Thursday 1 October 2020

The Decimal point and Place Value

 My daily twitter browsing showed me the recurring argument about "moving the decimal point" in relation to multiplication or division by 10, 100 , 1000 etc:

The thread is worth a read (you can get to it if you click the image). I read it, and some of the quote tweets around it, and it got me thinking about what I think are two possible misconceptions around the decimal point and place value that seem to exist in the minds of teachers of maths. I am sure some will disagree with one or both of these, and may think that these are misconceptions in my mind instead. But anyway, here goes...

Misconception 1: That the decimal point is a fixed immutable point between the ones and the tenths

There are a number of people saying in that thread that the decimal point cannot move, that it must stay between the ones and the tenths. This for me seems false. The job of the decimal point is to separate or mark the transition between whole values of our unit, and values that represent part of that unit. Of course, in most cases our unit of counting would be ones and the decimal point therefore marks the transition from ones to part of one. But that isn't always the case. Consider for example:

2.6 million

In this, the value to the left of the decimal point does not represent two ones, it represents two millions. The unit we have chosen to count in is millions, and so the decimal point separates the whole millions from the parts of a million. This has obvious parallels to something most mathematicians will be familiar with converting between standard form and our "ordinary" decimal number system:

320000 = 3.2 × 105

In converting to standard form we are literally changing our counting unit from the ones to which column has the highest value in the number we are working with. This means that the decimal point does move, it moves to separate whole values of our new counting unit (in the above example 105) from parts of this counting unit. In converting from standard form we do the reverse; we change our counting unit from the largest valued column back to the ones column, and the decimal point moves concurrently. One could even make the argument that converting units of measure could be viewed in the same way:

3.25 metres = 325 cm

Have we multiplied by 100 to go from left to right here? The physical distance hasn't changed? Would it make more sense to consider that the decimal point has moved due to our change of unit choice from metres to centimetres, and so what was separating whole metres from part metres, is now separating whole centimetres from part centimetres.

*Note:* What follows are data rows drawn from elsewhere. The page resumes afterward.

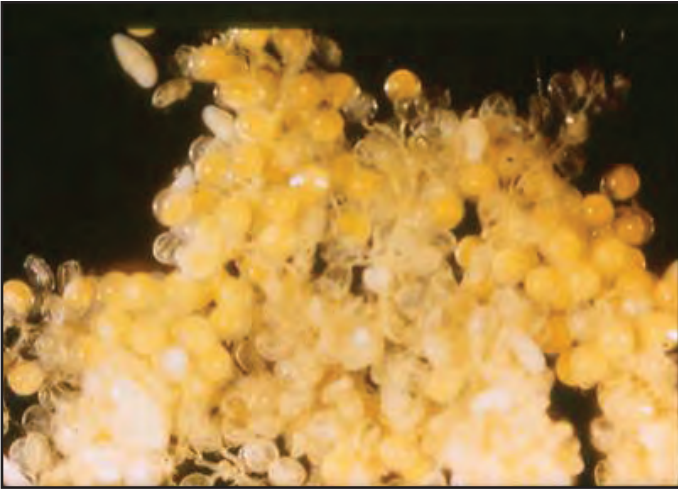
Higher magnification of king crab eggs infested by Carcinonemertes regicides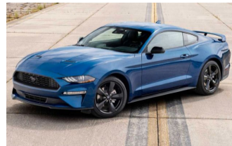
The 2020 Mustang GT

While that is not that impressive, it is still nothing to balk at, while it also completes the standing quarter-mile in high 14 to 15 seconds, putting it at around 3 seconds slower than the V8.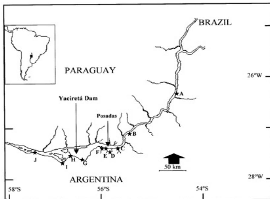
Fig.1: capture sites by CDC miniature light trap in the province of Misiones (A-F) and Corrientes (H-J), Argentina, 1993-1998. A: Montecarlo; B: Corpus; C: Candelaria; D: Zaiman; E: Mártires; F: Itaembé; G: Santa Tecla; H: Ituzaingó; I: Villa Olivari; J: Ita-Ibaté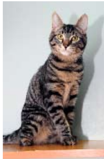
Sherman at full attention

Sherman and MacArthur spent much of their early lives being passed around from home to home via Craigslist. Both were born with one malformed back leg. Perhaps this was the reason nobody seemed able to make a commitment to these two adorable brown tabby brothers. The kittens, however, were blissfully unaware of their physical deformities.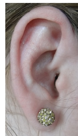
Figure 16. Prominent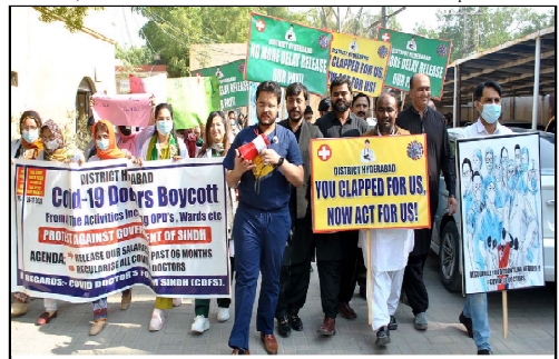
HYDERABAD: Doctors and Health workers hold a protest rally after boycott from COVID-19 activities, at DHO office on Hyderabad.

The ECC was informed that the outsourcing of three airports has been initiated within the scope of the Public-Private Partnership Act-2017 to engage private investors through a competitive and transparent process to run the airports, develop appertaining land assets and enhance avenues for commercial activities and gamer full revenue potential.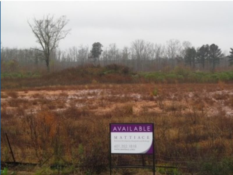
1.49 acres Hwy 18 @ Stonebridge

1.49 Acre Corner Out Parcel lot fronting Hwy 18 @ Stonebridge, Brandon MS. The lot has 260 front feet on Hwy 18. It is a level lot at grade with Stonebridge Road. Ingress/ egress from Stonebridge Road.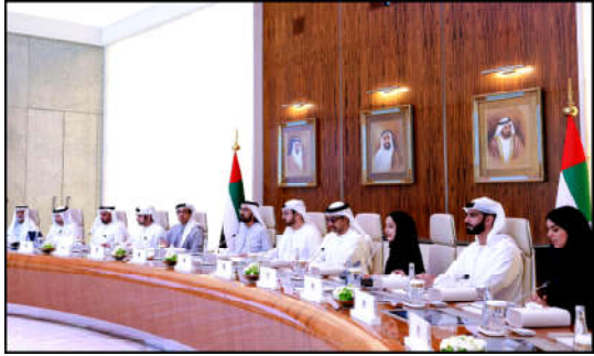
United Arab Emirates announced $544 million to repair the homes of Emirati families in a cabinet meeting.

The world's busiest for international passengers. "A ministerial committee was assigned to follow up on this file [...] and disburse compensation in cooperation with the rest of the federal and local authorities," said Sheikh Mohammed, who is also the ruler of Dubai, which was one of the worst hit of the UAE's seven sheikhdoms. The rainfall, the UAE's heaviest since records began 75 years ago, killed at least four people, including three Filipino workers and one Emirati. UAE authorities have not released an official toll. Cabinet ministers also formed a second committee to log infrastructure damage and propose solutions, Sheikh Mohammed said in a post on X, formerly Twitter.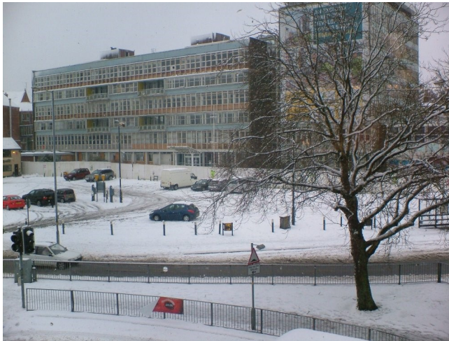
Regent Circus March 2004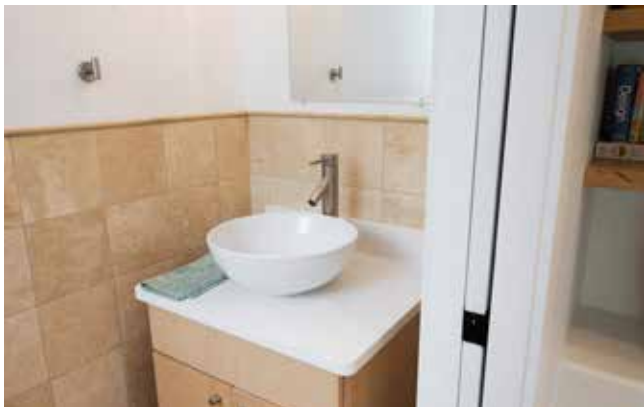
Powder Room on Main Level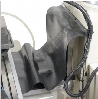
Rear Slideway Protection Cover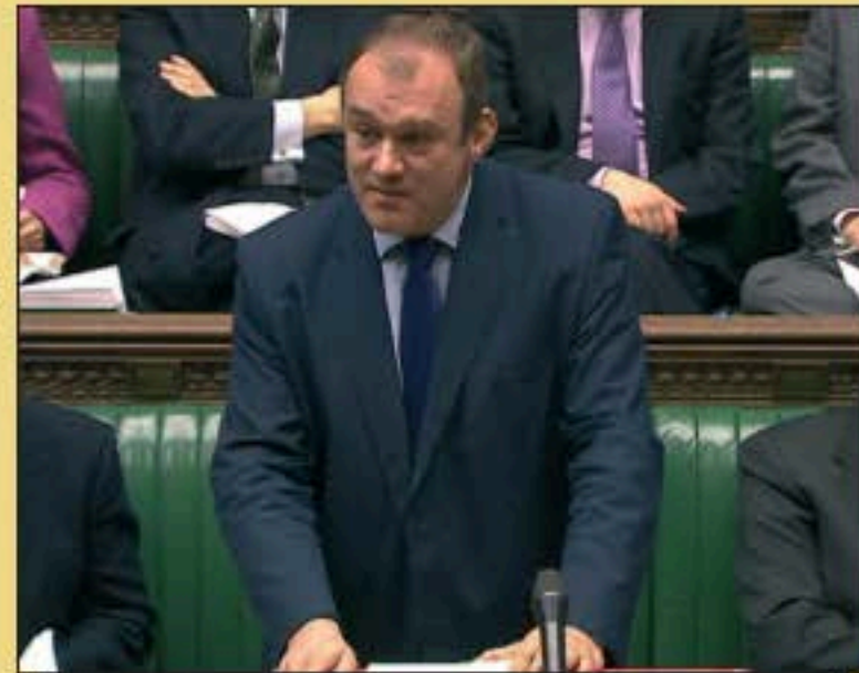
Edward at the Despatch Box in the House of Commons for his first Question Time as Secretary of State for Energy and Climate Change.

Misconception 2: That the decimal point moves when we multiply or divide by a power of 10

Despite what I have written above, and some compelling arguments within the thread, I still come down on the side that it is wrong to teach pupils that the decimal point moves when you multiply or divide by a power of 10. This is not just because of its tendency to be used a trick for teaching without understanding, but more because conceptually it actually doesn't fit with what is happening when we multiply or divide. If we accept that the decimal point moves when we decide to change our unit (perhaps a big if for some), then the decimal point cannot move when we multiply or divide by a power of 10. Consider:

3.2 × 100 = 320

There is no change of counting unit in this situation. In all three numbers, the counting unit is ones, and the decimal point separates the ones for the parts of one. What has changed is the physical size of the numbers that each of the digits represents in the number 3.2. The 3 has become 100 times bigger to become 300, and the 0.2 has become 100 times bigger to become 20. This is synonymous with moving the digits up the place value columns, and definitely not the decimal point down - or even translating the column headings down. Although I can see the argument that says "we can consider 3.2 × 100 as having 3.2 hundreds, and what we are doing is converting that back to a number of ones" I can't make that fit in my own mind with the importance of making sure pupils recognise and appreciate the multiplicative relationships between the place value columns. Even if our learners are completely secure with this, I can't see why we would then use a unitising approach to multiplication to model multiplicative calculations with different powers of 10 - except maybe if we had reached the point where pupils were so secure in this that we were opening them up to another way of making sense of such calculations and perhaps attempting to highlight that moving the decimal point is akin to the equivalent multiplication or division.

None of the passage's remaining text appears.